Limitations & Future Work

  • Requires pre-constructing distribution estimates of benign/malicious regions, which depends on the quality and coverage of the 8K+10K labeled data.
  • Defense effectiveness against Cipher-type encrypted attacks is relatively weak, as hidden states may not sufficiently expose the malicious intent of encrypted inputs.
  • Validated only on 7B-8B scale open-source models; applicability to larger-scale or closed-source models is unknown.
  • PAIR-Judge uses the target model itself as the referee; referee quality may decline when the model's own safety alignment is weak.
  • vs Llama Guard 3: Static input/output filters that cannot utilize dynamic information during decoding.
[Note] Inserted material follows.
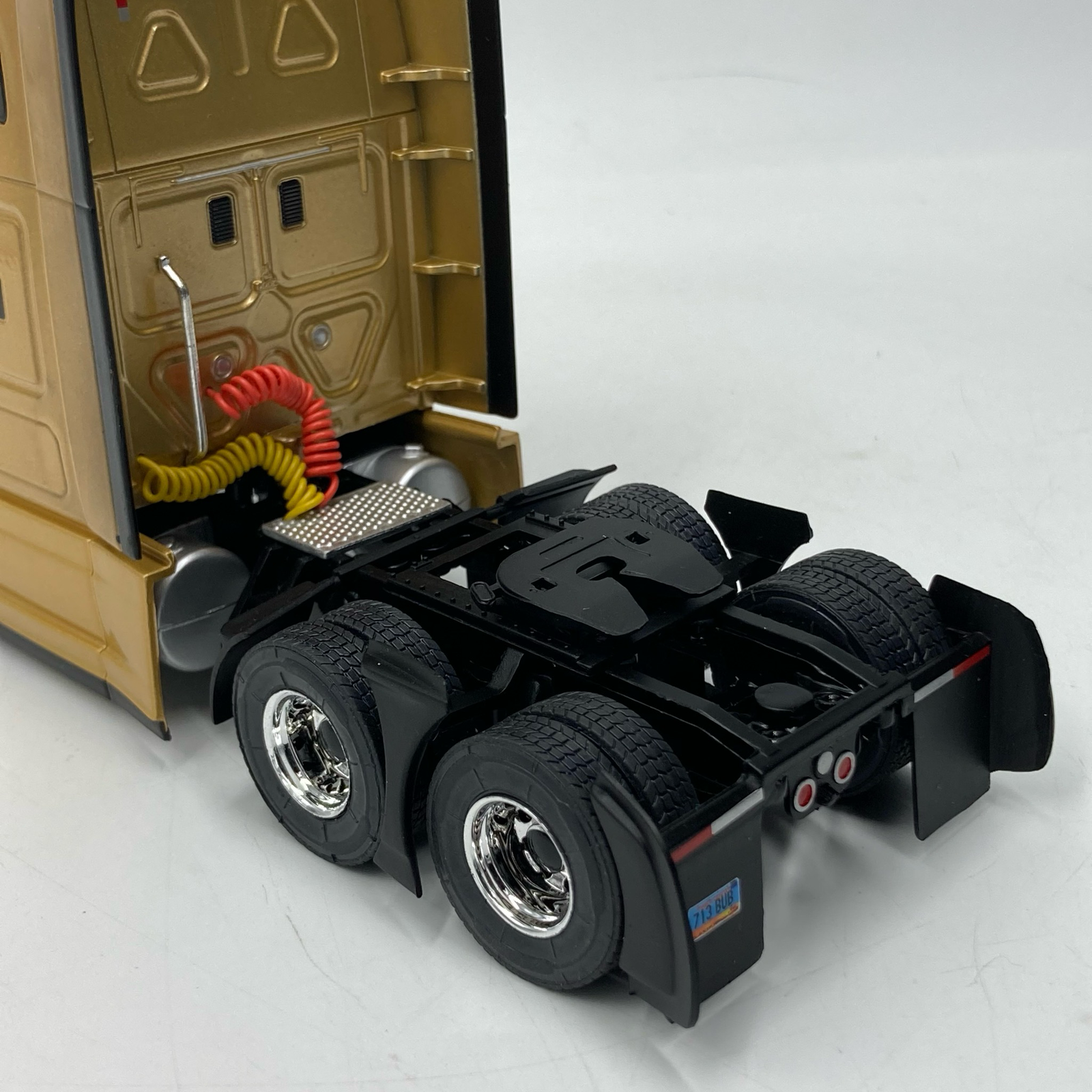 La finition dorée métallisée souligne chaque courbe sculptée pour fendre l’air, des carénages latéraux optimisés à la calandre imposante chromée. À l’échelle 1/18, les dimensions de ce tracteur routier sont tout simplement impressionnantes, offrant une présence visuelle inégalée dans une collection de véhicules industriels. IXO a apporté une attention méticuleuse aux détails : les optiques de phares modernes, les rétroviseurs profilés et les jantes étincelantes qui contrastent magnifiquement avec la carrosserie dorée.

TrajGuard substantially outperforms it on almost all attacks.
  • vs SafeDecoding (Xu et al., 2024): Requires training a safety expert model to re-weight decoding probabilities; TrajGuard is training-free and directly utilizes the base model's hidden states.
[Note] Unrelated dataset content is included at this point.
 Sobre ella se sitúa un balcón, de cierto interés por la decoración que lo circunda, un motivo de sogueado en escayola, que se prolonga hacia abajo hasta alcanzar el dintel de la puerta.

  • vs ShieldHead (Xuan et al., 2025): Attaching token-level safety heads requires additional training and remains a per-token static judgment, failing to model temporal trajectories.
  • vs Goal Prioritization (Zhang et al., 2024): Performs poorly on some models (AVG ASR 0.44 on Mistral-7B), suggesting that prompt engineering methods lack robustness against attacks.

Rating

  • Novelty: ⭐⭐⭐⭐⭐ First to use decoding-time hidden-state trajectories for jailbreak detection; the "disguise-exposure" observation is novel and convincing.
  • Experimental Thoroughness: ⭐⭐⭐⭐⭐ 12 attacks, 4 models, multiple baselines, and complete ablations—very comprehensive.
  • Writing Quality: ⭐⭐⭐⭐ Clear structure, natural derivation of motivation, and rich visualizations.
  • Value: ⭐⭐⭐⭐⭐ A real-time defense solution that is training-free, has low latency, and provides a high defense rate; extremely high practical value.